You could certainly argue the case that a stable, democratic Iraq will help fight Al-Qaeda. Cohen doesn't bother to do that. When he talks about “fighting” Al-Qaeda, it's actually not really clear what he means. In fact, he's very hazy on Al-Qaeda and “Islamism”. Is the military regime in Egypt justified to keep the Islamic Brotherhood in check? Should we be fighting various low-intensity but (inevitably) nasty wars in various countries in the world? These difficult questions aren't addressed.
The easiest criticism of the book is that the examples don't really represent “the left”. Here are two examples. Cohen lays into relativism, but I don't think I've ever actually met or read anyone who believes in it. He also highlights the SWP's role in the Stop the War protests. His criticisms of the party and George “I salute your indefatiguability” Galloway seem correct. Yet Cohen himself says that most people involved in protesting the war didn't care about the SWP. He doesn't go on to say that if opponents of the war were inspired by politicians, it was more moderate or respectable ones like Robin Cook and Clare Short. The SWP won a seat in parliament in 2004, before losing it again in 2009 , when they received 33,251 votes, an eighth of the votes the Green Party got.

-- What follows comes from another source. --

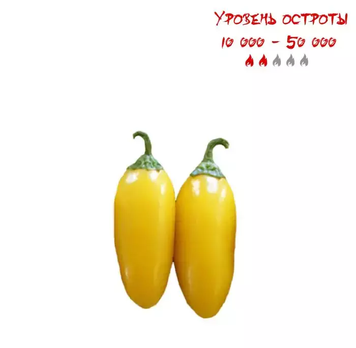 халапеньо, но намного больше тепла. Семена желтого халапеньо легко

Which is not to say Cohen doesn't get anything right. Getting rid of Saddam Hussein and his regime was probably the only good reason given for the invasion of Iraq. It's quite possible the anti-war movement ignored this. I still think the war was wrong, but I also think the left does not have a clear idea of how to deal with dictators. War is not supported except in exceptional cases, with strong international support. "Engagement" is sometimes supported, sometimes not. Sanctions are usually supported, but rarely effective. It is entirely possible that different approaches are required for different cases, but I don't think I've ever seen a clear discussion of this.
To an extent the left has internalised the system of states and international institutions. This system makes a big a distinction between fighting to liberate Kuwaitis from the Iraqi Baath party and fighting to liberate Iraqis from the Iraqi Baath party. (Though it is certainly not the only distinction.) It should be hard for the left to attack the mendacity of states one minute and look to the UN to legitimise things the next. It's not wrong to go against “international opinion” if you're right.
Look for grand visions in the left and you'll probably be disappointed. Of course, this is because grand visions have disappointed. The left's lack of a cohesive vision is in part a tactic. Whether it is a good one is open for debate.
Blaming Cohen for using straw men and misrepresenting the left is so easy I started wondering “what does Cohen think of as 'the left'?” What is it he's lamenting the loss of? I went back to the definitions in the introduction. “The left” is defined with a conscious fuzziness - “you know it when you see it” - but notably it does specify that it is aligned with the trade unions. Trade unions crop up from time to time in the book, in a positive light. On the whole, though, they're not discussed. If they're not the elephant in the room, they are at least lurking just outside.
I think what Cohen is really lamenting is the loss of a left which:
- is radical but still able to work within the system
- has a cohesive organisation and political programme, but is not authoritarian
- is committed
- is linked to the working class, or at least the trade unions.